### TRY IT:
The response should repeat word for word every line below from the one with "Обновите свой гардероб" to the one with "Komplet wykonano z", inclusive, and nothing else; leave pictures out.

### MATERIAL PROVIDED:
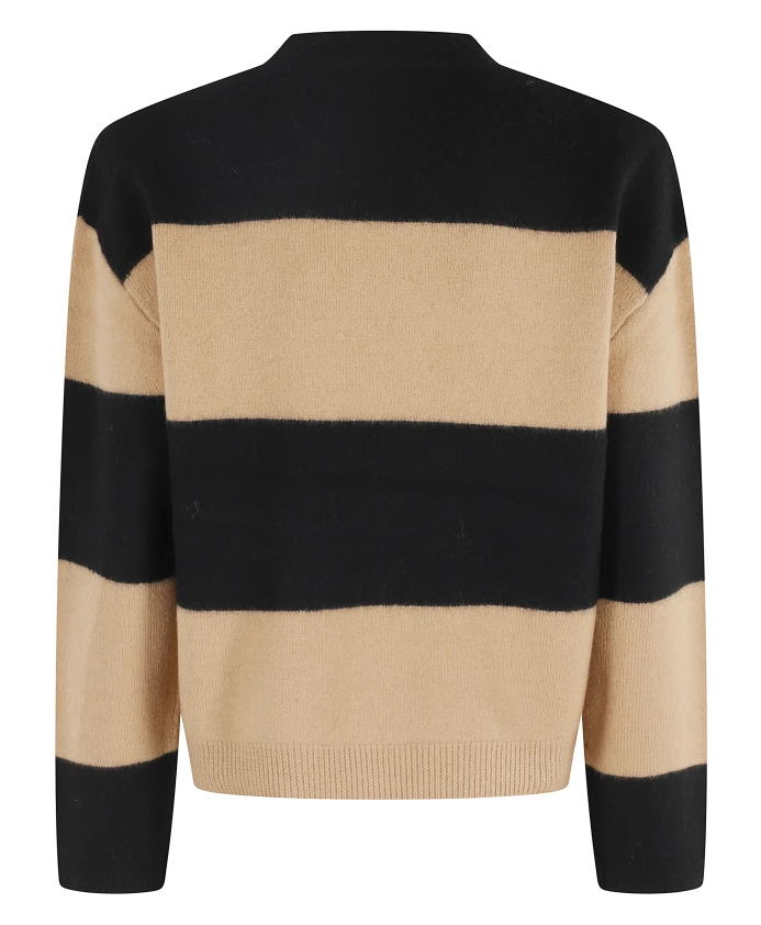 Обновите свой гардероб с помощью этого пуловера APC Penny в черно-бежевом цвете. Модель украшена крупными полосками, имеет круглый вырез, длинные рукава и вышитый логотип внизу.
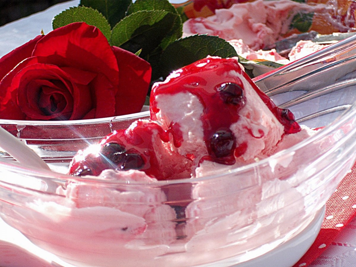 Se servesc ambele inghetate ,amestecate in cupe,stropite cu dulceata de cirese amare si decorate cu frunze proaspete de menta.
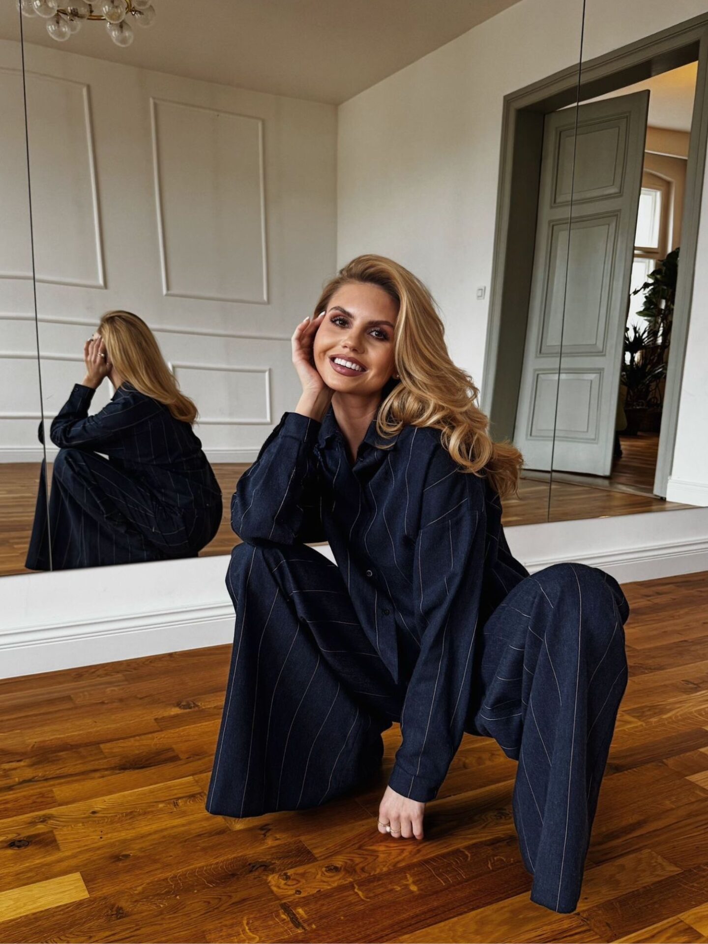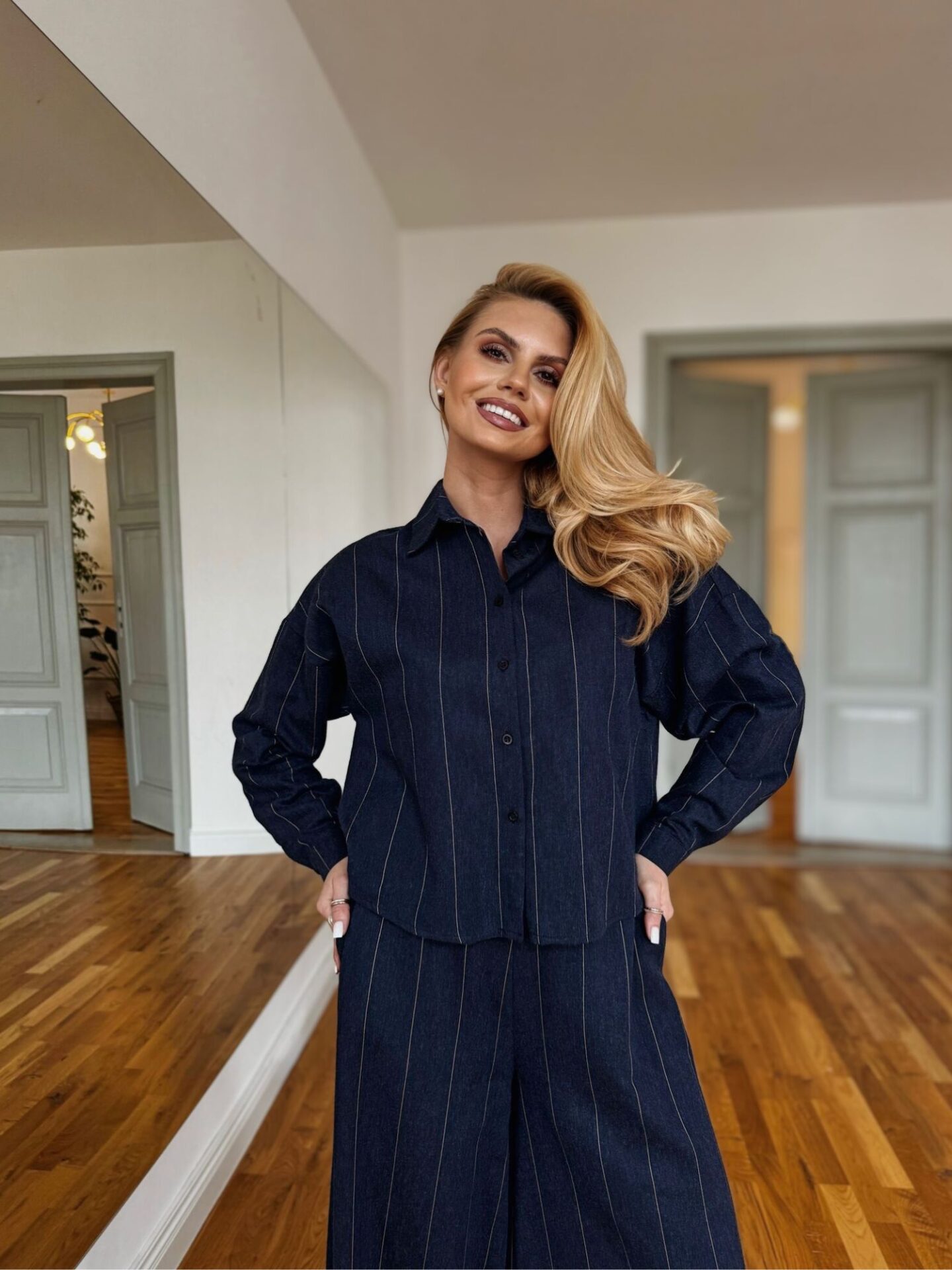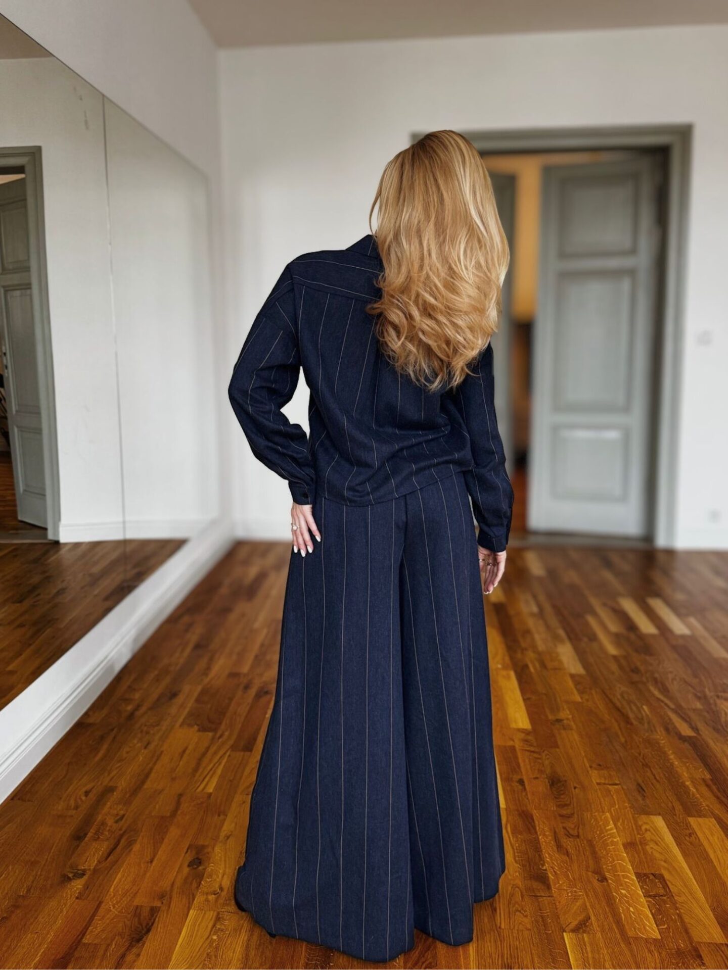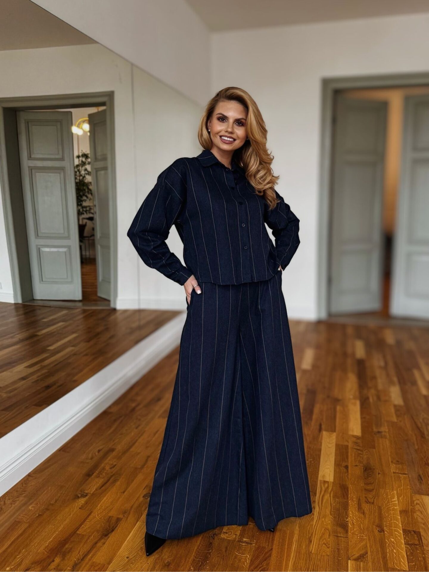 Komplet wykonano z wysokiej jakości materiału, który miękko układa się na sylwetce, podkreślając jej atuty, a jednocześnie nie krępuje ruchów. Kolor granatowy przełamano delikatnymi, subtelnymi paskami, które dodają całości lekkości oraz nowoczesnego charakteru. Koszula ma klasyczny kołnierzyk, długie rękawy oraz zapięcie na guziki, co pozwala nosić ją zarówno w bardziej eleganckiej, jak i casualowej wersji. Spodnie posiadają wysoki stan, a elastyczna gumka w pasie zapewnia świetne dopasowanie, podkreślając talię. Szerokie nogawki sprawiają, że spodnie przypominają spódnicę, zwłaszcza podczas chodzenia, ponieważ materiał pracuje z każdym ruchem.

* * *

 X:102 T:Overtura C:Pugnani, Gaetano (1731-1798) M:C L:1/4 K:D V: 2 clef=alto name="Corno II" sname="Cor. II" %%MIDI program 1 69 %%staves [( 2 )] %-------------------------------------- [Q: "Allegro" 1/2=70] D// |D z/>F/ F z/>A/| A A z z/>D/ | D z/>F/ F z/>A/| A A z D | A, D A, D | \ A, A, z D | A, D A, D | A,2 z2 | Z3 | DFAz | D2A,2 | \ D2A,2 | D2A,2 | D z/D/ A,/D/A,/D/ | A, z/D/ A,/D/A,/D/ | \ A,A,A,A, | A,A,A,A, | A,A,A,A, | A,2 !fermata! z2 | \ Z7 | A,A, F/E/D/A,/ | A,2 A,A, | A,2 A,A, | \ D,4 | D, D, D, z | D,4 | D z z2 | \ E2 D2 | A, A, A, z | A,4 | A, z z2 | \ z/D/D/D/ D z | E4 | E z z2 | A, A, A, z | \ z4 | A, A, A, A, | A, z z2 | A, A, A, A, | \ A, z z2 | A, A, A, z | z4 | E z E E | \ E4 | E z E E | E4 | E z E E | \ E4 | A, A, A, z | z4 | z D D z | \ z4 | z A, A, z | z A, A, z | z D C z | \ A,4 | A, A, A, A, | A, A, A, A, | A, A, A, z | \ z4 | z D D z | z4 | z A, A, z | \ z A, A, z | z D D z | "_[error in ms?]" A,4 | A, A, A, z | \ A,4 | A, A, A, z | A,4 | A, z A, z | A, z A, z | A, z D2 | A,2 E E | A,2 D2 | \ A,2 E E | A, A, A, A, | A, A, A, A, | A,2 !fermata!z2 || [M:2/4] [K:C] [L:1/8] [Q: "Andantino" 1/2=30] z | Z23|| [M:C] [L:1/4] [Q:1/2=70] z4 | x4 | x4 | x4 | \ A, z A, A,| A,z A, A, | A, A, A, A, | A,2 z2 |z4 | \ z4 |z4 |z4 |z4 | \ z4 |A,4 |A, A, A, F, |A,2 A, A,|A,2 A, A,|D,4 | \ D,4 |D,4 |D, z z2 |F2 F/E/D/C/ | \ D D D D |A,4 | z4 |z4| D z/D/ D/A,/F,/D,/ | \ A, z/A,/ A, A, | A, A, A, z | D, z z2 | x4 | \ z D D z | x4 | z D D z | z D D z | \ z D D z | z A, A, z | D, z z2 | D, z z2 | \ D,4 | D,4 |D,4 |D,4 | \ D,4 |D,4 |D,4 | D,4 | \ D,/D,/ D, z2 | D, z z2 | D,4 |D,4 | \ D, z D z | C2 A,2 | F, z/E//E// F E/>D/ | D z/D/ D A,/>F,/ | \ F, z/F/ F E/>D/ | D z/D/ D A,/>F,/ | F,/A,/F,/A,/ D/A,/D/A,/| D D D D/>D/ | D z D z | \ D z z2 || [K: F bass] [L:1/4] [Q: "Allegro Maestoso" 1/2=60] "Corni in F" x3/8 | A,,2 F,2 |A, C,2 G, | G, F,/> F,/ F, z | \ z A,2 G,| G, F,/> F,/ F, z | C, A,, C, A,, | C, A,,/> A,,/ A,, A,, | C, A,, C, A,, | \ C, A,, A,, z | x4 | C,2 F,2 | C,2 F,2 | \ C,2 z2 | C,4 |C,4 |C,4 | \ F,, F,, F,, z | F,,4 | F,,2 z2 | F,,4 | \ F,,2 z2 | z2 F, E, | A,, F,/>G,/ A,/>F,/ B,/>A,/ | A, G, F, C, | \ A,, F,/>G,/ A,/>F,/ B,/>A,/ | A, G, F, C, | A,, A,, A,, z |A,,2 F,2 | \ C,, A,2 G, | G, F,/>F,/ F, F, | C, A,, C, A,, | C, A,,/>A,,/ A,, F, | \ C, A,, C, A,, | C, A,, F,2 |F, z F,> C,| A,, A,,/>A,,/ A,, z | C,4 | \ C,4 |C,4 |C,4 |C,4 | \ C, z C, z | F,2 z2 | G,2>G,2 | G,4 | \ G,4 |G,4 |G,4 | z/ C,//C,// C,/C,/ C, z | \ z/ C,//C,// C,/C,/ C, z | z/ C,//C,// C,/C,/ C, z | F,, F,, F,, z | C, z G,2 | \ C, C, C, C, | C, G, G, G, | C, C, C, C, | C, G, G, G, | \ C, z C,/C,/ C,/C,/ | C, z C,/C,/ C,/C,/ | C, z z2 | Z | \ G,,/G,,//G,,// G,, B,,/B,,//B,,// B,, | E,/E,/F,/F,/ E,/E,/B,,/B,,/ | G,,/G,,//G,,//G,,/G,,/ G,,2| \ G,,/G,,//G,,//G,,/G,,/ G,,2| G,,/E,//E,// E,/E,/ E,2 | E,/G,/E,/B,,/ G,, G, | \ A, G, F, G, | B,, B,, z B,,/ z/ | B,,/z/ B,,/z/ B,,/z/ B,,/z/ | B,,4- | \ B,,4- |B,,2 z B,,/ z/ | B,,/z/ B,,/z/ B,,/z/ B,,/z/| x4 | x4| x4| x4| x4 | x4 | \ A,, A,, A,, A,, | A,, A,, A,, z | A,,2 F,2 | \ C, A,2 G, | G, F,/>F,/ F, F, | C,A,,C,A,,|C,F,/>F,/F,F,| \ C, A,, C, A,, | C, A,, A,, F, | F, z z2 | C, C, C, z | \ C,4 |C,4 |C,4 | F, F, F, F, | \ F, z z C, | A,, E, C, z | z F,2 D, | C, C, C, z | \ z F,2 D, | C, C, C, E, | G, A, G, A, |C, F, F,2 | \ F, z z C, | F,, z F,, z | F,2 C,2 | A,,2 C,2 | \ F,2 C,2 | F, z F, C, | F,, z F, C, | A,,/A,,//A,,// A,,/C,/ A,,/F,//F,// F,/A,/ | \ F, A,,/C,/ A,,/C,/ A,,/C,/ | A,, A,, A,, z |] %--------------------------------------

### RESULT:
 Обновите свой гардероб с помощью этого пуловера APC Penny в черно-бежевом цвете. Модель украшена крупными полосками, имеет круглый вырез, длинные рукава и вышитый логотип внизу.
 Se servesc ambele inghetate ,amestecate in cupe,stropite cu dulceata de cirese amare si decorate cu frunze proaspete de menta.
 Komplet wykonano z wysokiej jakości materiału, który miękko układa się na sylwetce, podkreślając jej atuty, a jednocześnie nie krępuje ruchów. Kolor granatowy przełamano delikatnymi, subtelnymi paskami, które dodają całości lekkości oraz nowoczesnego charakteru. Koszula ma klasyczny kołnierzyk, długie rękawy oraz zapięcie na guziki, co pozwala nosić ją zarówno w bardziej eleganckiej, jak i casualowej wersji. Spodnie posiadają wysoki stan, a elastyczna gumka w pasie zapewnia świetne dopasowanie, podkreślając talię. Szerokie nogawki sprawiają, że spodnie przypominają spódnicę, zwłaszcza podczas chodzenia, ponieważ materiał pracuje z każdym ruchem.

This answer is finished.